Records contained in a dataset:

____________________

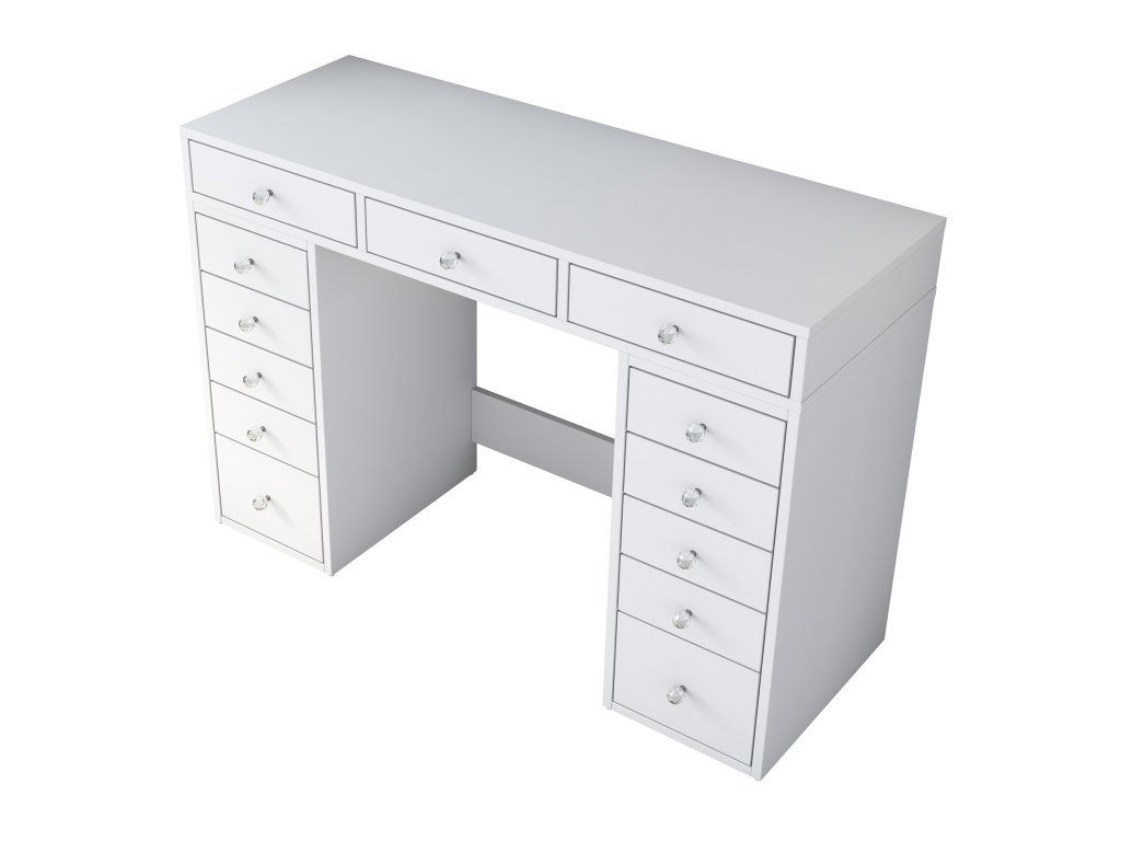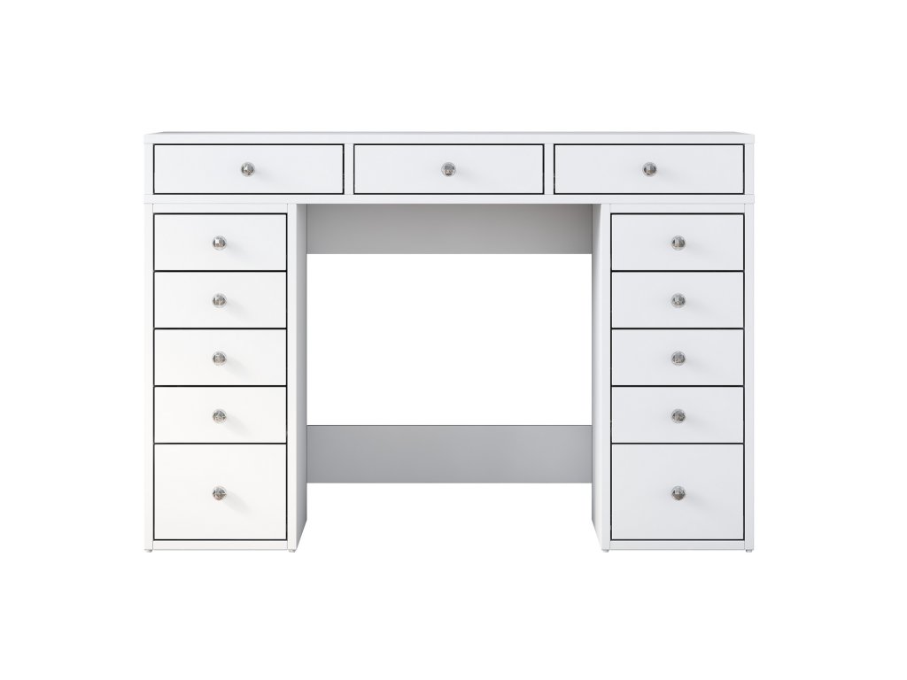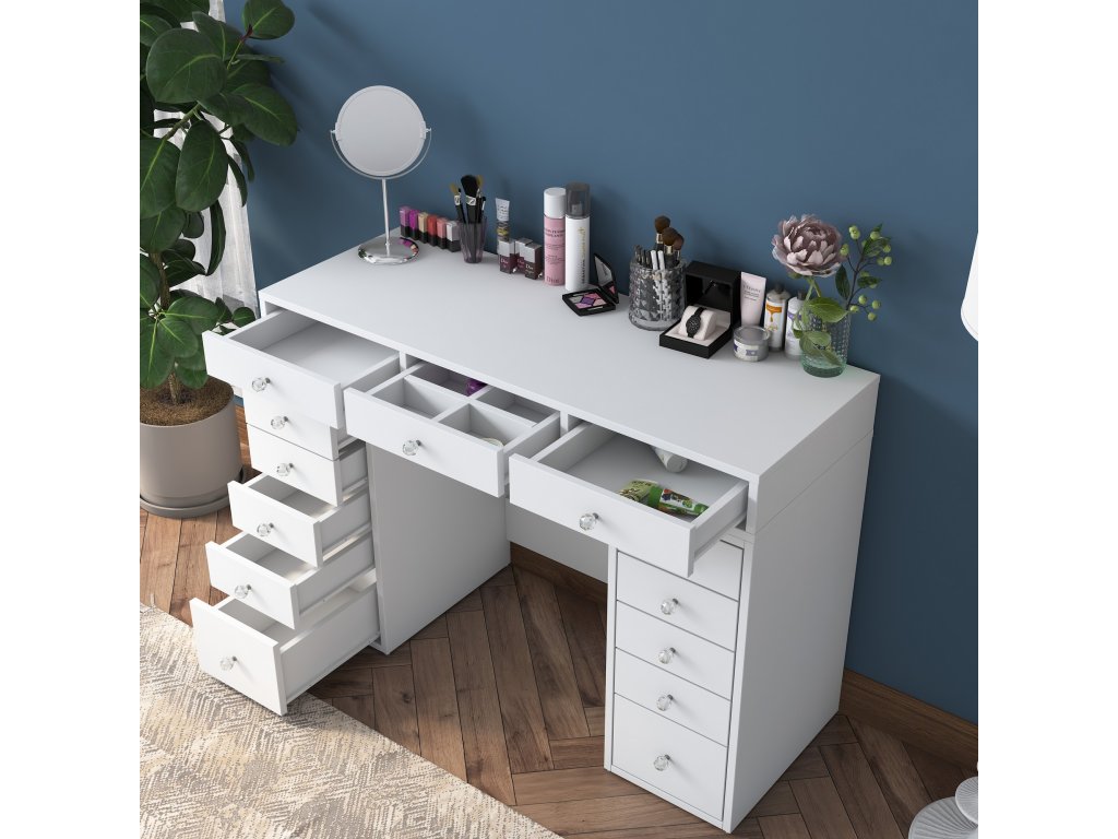 Toaletní stolek MALNATE v bílé barvě nabízí 13 zásuvek pro přehledné uskladnění kosmetiky, šperků a dalších drobností. Ideální pro organizaci a snadný přístup k vašim potřebám.
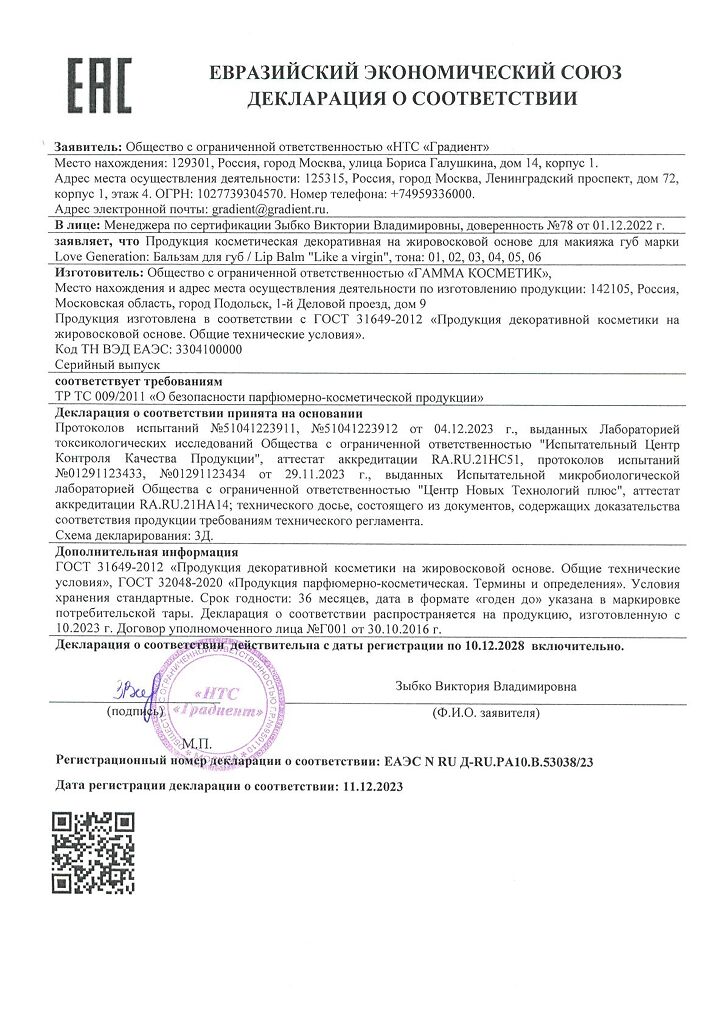• 📒 Подробная инструкция по применению Love Generation Бальзам для губ Like a virgin тон 01 1 шт
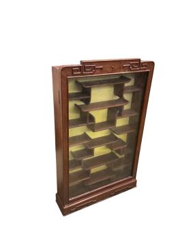 Lot 1104 , A pair of Chinese carved hardwood wall display cabinets, width 43cm, depth 10cm, height 71cm
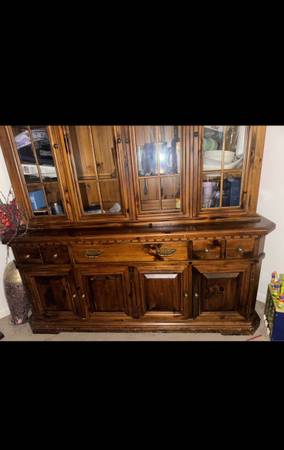 Almost new, very large hutch perfect for displaying china, collectibles, or décor. A few minor scratches, everything works. Solid and impressive statement piece for your home.
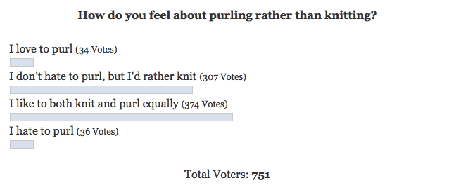 Of the 751 who voted (only about 20% of our members), 36 said “I hate to purl”. Interestingly, it was almost a tie-break with the number who said “I love to purl” (34).
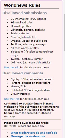 Chaque subreddit a ses propres règles et directives pour publier, alors assurez-vous de les lire attentivement avant de faire quoi que ce soit. Voici un exemple des règles chez r/worldnews.
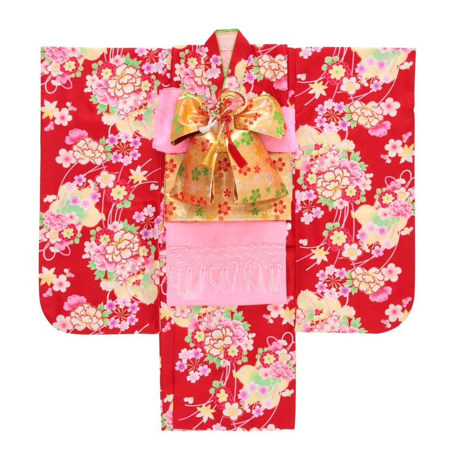 定番の赤地のお着物に、大きく描かれた満開牡丹が煌びやかな着物セット。金色地に桜模様の小物類が、お子様を一層、華やかに彩ります。
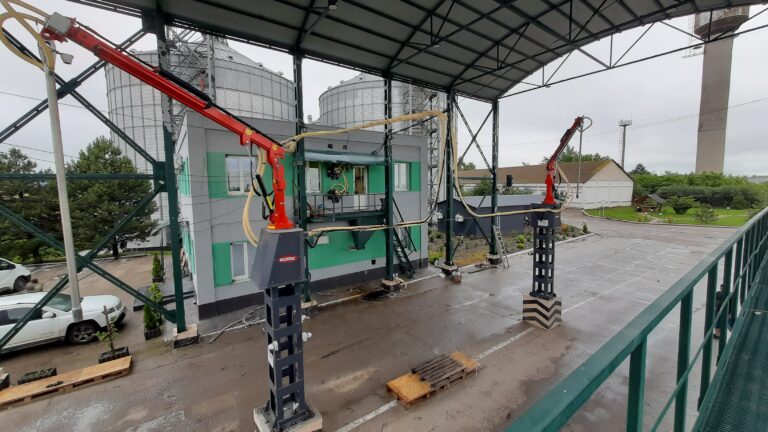 - Телескопическая стрела 4.42 м + угол поворота 350° покрывает зоны разгрузки двух потоков автотранспорта .
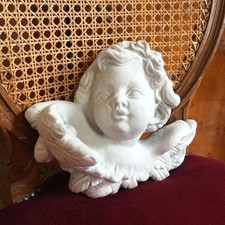 Figur aus keramik. Von einer grau Farbe ebenso stilvoll, stilvoll modern und wieder dimensioniert 16 cm hoch; Themas engel aber auch von der Form engel zusätzlich insbesondere: betonoptik, keramik ¬
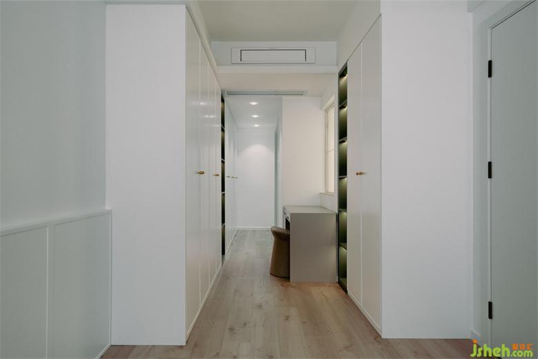 將主臥通往衛(wèi)生間的雞肋過(guò)道利用起來(lái),墻面隱藏兩排通天衣柜,打造步入式衣帽間。家裝設(shè)計(jì)衣柜局部設(shè)計(jì)成開(kāi)放格,可作展示也可作收納,實(shí)用性與顏值兩不誤。
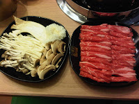 Hidangan shabu shabu ini terdiri dari sepiring daging sapi yang diiris tipis, sepiring aneka jenis jamur (ada 5 jenis), sepiring sayuran, mi, 2 pangsit yang ukurannya gemuk karena isinya yang besar, adonan daging cincang yang bila dimasukkan sedikit sedikit kedalam kuah akan menjadi baso, semangkuk nasi dengan taburan wijen putih, daun bawang serta nori, semangkok telur mentah serta 2 jenis saus pelengkap. Nah rame dan lengkap kan!
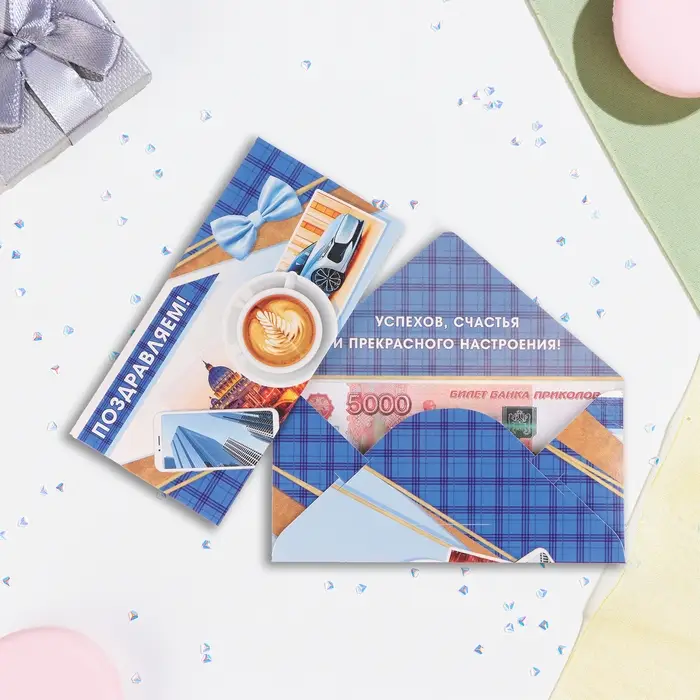 Конверт для денег "Поздравляем" кофе, 16,5 х 8 см
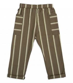 Monkind hienot housut arkeen ja juhlaan. Sivutaskut. Vyötäröllä joustava kuminauha. Housut ovat sammalenvihreää kangasta vaalein raidoin. Valmistettu pehmeästä puuvillakankaasta.
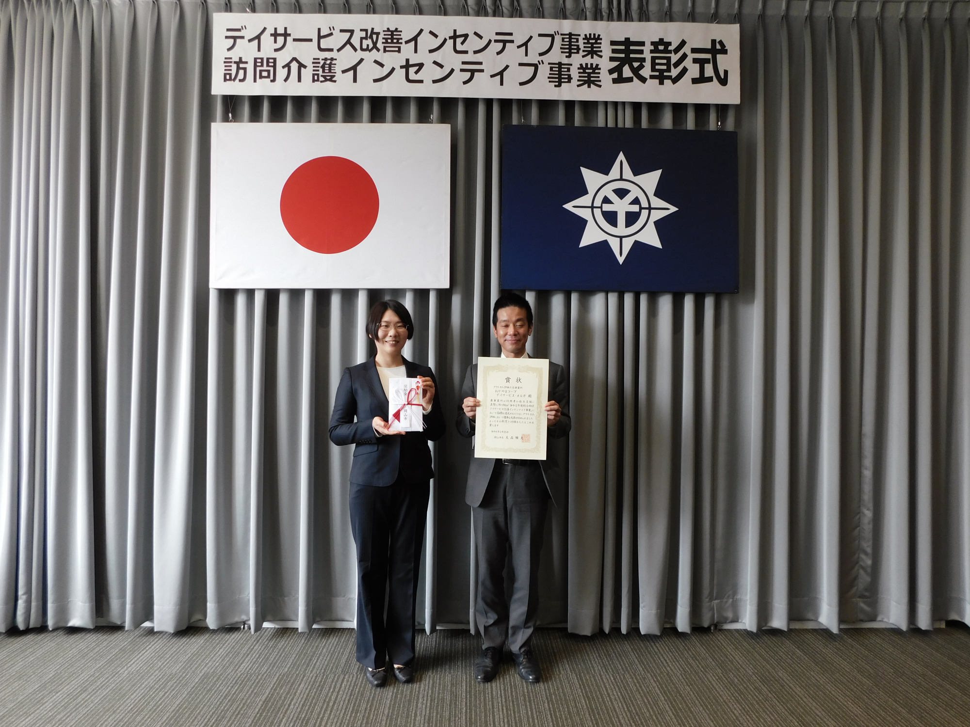 質の評価基準として5つのストラクチャー・プロセスを評価し、達成事業所には表彰状の授与と岡山市のHPへ掲載されます。その中でも特に評価された上位10事業所には岡山市長から「デイサービス改善インセンティブ事業」として表彰状授与と奨励金の付与があり、今回デイサービス・オルガが第3位で表彰されました。
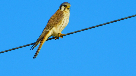 Beautiful American kestrel (Falco sparverius) perchedon an electric line with a blue sky in the background
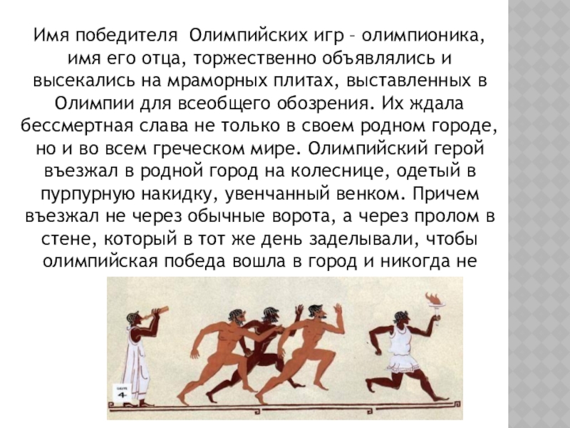 Слайд 3Имя победителя Олимпийских игр – олимпионика, имя его отца, торжественно объявлялись

____________________

From the first line to the last, write out the data exactly, dropping any pictures.

**Answer area:**
 Toaletní stolek MALNATE v bílé barvě nabízí 13 zásuvek pro přehledné uskladnění kosmetiky, šperků a dalších drobností. Ideální pro organizaci a snadný přístup k vašim potřebám.
• 📒 Подробная инструкция по применению Love Generation Бальзам для губ Like a virgin тон 01 1 шт
 Lot 1104 , A pair of Chinese carved hardwood wall display cabinets, width 43cm, depth 10cm, height 71cm
 Almost new, very large hutch perfect for displaying china, collectibles, or décor. A few minor scratches, everything works. Solid and impressive statement piece for your home.
 Of the 751 who voted (only about 20% of our members), 36 said “I hate to purl”. Interestingly, it was almost a tie-break with the number who said “I love to purl” (34).
 Chaque subreddit a ses propres règles et directives pour publier, alors assurez-vous de les lire attentivement avant de faire quoi que ce soit. Voici un exemple des règles chez r/worldnews.
 定番の赤地のお着物に、大きく描かれた満開牡丹が煌びやかな着物セット。金色地に桜模様の小物類が、お子様を一層、華やかに彩ります。
 - Телескопическая стрела 4.42 м + угол поворота 350° покрывает зоны разгрузки двух потоков автотранспорта .
 Figur aus keramik. Von einer grau Farbe ebenso stilvoll, stilvoll modern und wieder dimensioniert 16 cm hoch; Themas engel aber auch von der Form engel zusätzlich insbesondere: betonoptik, keramik ¬
 將主臥通往衛(wèi)生間的雞肋過(guò)道利用起來(lái),墻面隱藏兩排通天衣柜,打造步入式衣帽間。家裝設(shè)計(jì)衣柜局部設(shè)計(jì)成開(kāi)放格,可作展示也可作收納,實(shí)用性與顏值兩不誤。
 Hidangan shabu shabu ini terdiri dari sepiring daging sapi yang diiris tipis, sepiring aneka jenis jamur (ada 5 jenis), sepiring sayuran, mi, 2 pangsit yang ukurannya gemuk karena isinya yang besar, adonan daging cincang yang bila dimasukkan sedikit sedikit kedalam kuah akan menjadi baso, semangkuk nasi dengan taburan wijen putih, daun bawang serta nori, semangkok telur mentah serta 2 jenis saus pelengkap. Nah rame dan lengkap kan!
 Конверт для денег "Поздравляем" кофе, 16,5 х 8 см
 Monkind hienot housut arkeen ja juhlaan. Sivutaskut. Vyötäröllä joustava kuminauha. Housut ovat sammalenvihreää kangasta vaalein raidoin. Valmistettu pehmeästä puuvillakankaasta.
 質の評価基準として5つのストラクチャー・プロセスを評価し、達成事業所には表彰状の授与と岡山市のHPへ掲載されます。その中でも特に評価された上位10事業所には岡山市長から「デイサービス改善インセンティブ事業」として表彰状授与と奨励金の付与があり、今回デイサービス・オルガが第3位で表彰されました。
 Beautiful American kestrel (Falco sparverius) perchedon an electric line with a blue sky in the background
 Слайд 3Имя победителя Олимпийских игр – олимпионика, имя его отца, торжественно объявлялись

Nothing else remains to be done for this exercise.